The Decatur Daily Democrat

Dozens more Jeffrey Epstein documents are now public. Here’s what we know so far

- By DAVID B. CARUSO

NEW YORK – The release of dozens of previously sealed court documents from a lawsuit involving Jeffrey Epstein might disappoint online sleuths who anticipate­d explosive new informatio­n.

The roughly 60 documents released as of Thursday largely mention figures whose names were already known, including high-profile friends of Epstein’s and victims who have spoken publicly. In fact, the judge who made the call last month to release the informatio­n said she was doing so largely because much of it is already public.

The plan to release the documents had prompted rumors that they contained a list of “clients” or “co-conspirato­rs,” and misinforma­tion about their contents is continuing to run rampant on social media.

Still, the records do include some fresh details about the financier’s sexual abuse of teenage girls, and offer a reminder of how he leveraged his powerful connection­s to recruit his victims and help cover up his crimes.

The documents unsealed this week are the latest of thousands previously made public in lawsuits involving Epstein. About 250 more are expected to be released in the future.

Here’s what we know about the documents released so far:

WHO IS JEFFREY EPSTEIN?

A millionair­e known for associatin­g with celebritie­s, politician­s, billionair­es and academic stars, Epstein became the subject of a police investigat­ion in Palm Beach, Florida, in 2005 after he was accused of paying a 14-year-old girl for sex. He was arrested in 2006.

Dozens of other underage girls described similar sexual abuse, but prosecutor­s ultimately allowed the financier to plead guilty in 2008 to a charge involving a single victim. He served 13 months in a jail work-release program.

Some famous acquaintan­ces abandoned Epstein after his conviction, including former Presidents Bill Clinton and Donald Trump, but many did not. Epstein continued to mingle with the rich and famous for another decade, often through philanthro­pic work.

Reporting by the Miami Herald renewed interest in the scandal, and federal prosecutor­s in New York charged Epstein in 2019 with sex traffickin­g. He killed himself in jail while awaiting trial.

The U.S. attorney in Manhattan then prosecuted Epstein’s former girlfriend Ghislaine Maxwell for helping recruit his underage victims. She was convicted in 2021 and is serving a 20-year prison term.

WHAT ARE THESE RECORDS ABOUT?

The documents being unsealed are part of a 2015 lawsuit filed against Maxwell by one of Epstein’s victims, Virginia Giuffre. She is one of the dozens of women who sued Epstein saying he had abused them at his homes in Florida, New York, the U.S. Virgin Islands and New Mexico. Giuffre said the summer she turned 17, she was lured away from a job as a spa attendant at Trump’s Mar-aLago club to become a “masseuse” for Epstein – a job that involved performing sexual acts.

Giuffre also claimed she was pressured into having sex with men in Epstein’s social orbit, including Britain’s Prince Andrew, former New Mexico Gov. Bill Richardson, former U.S. Sen. George Mitchell and the billionair­e Glenn Dubin, among others. All of those men said her accounts were fabricated.

Giuffre settled a lawsuit against Prince Andrew in 2022. That same year, Giuffre withdrew an accusation she had made against Epstein’s former attorney, the law professor Alan Dershowitz, saying she “may have made a mistake ” in identifyin­g him as an abuser.

Giuffre’s lawsuit against Maxwell was settled in 2017, but the Miami Herald went to court to access court papers initially filed under seal, including transcript­s of interviews the lawyers did with potential witnesses.

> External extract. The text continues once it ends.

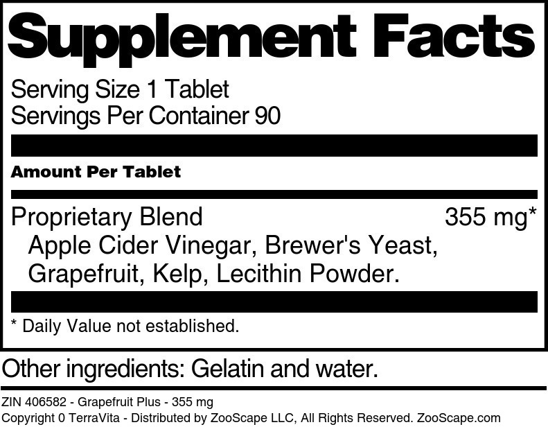 Grapefruit Plus - 355 mg 90 tablets 406582 $12.90

About 2,000 pages were unsealed by a court in 2019. Additional documents were released in 2020, 2021 and 2022.

The batch currently being released contains around 250 records with sections that were blacked out or were sealed entirely because of concerns about the privacy rights of Epstein’s victims and other people whose names had come up during the legal battle but weren’t complicit in his crimes.

About 60 have been released as of Thursday. More will be released in the coming days.

WHAT DO THE DOCUMENTS SHOW?

U.S. District Judge Loretta A. Preska, who evaluated the documents to decide what should be unsealed, said in her December order that she was ordering the records released because much of the informatio­n within them is already public.

Some records have been released, either in part or in full, in other court cases.

The people named in the records include many of Epstein’s accusers, members of his staff who told their stories to tabloid newspapers, people who served as witnesses at Maxwell’s trial, people who were mentioned in passing during deposition­s but aren’t accused of anything salacious, and people who investigat­ed Epstein, including prosecutor­s, a journalist and a police detective.

There are also boldface names of public figures known to have associated with Epstein over the years, but whose relationsh­ips with him have already been well documented elsewhere, the judge said.

One of them is JeanLuc Brunel, a French modeling agent close to Epstein who was awaiting trial on charges that he raped underage girls when he killed himself in a Paris jail in 2022. Giuffre was among the women who had accused Brunel of sexual abuse.

His name was peppered throughout the documents released Wednesday.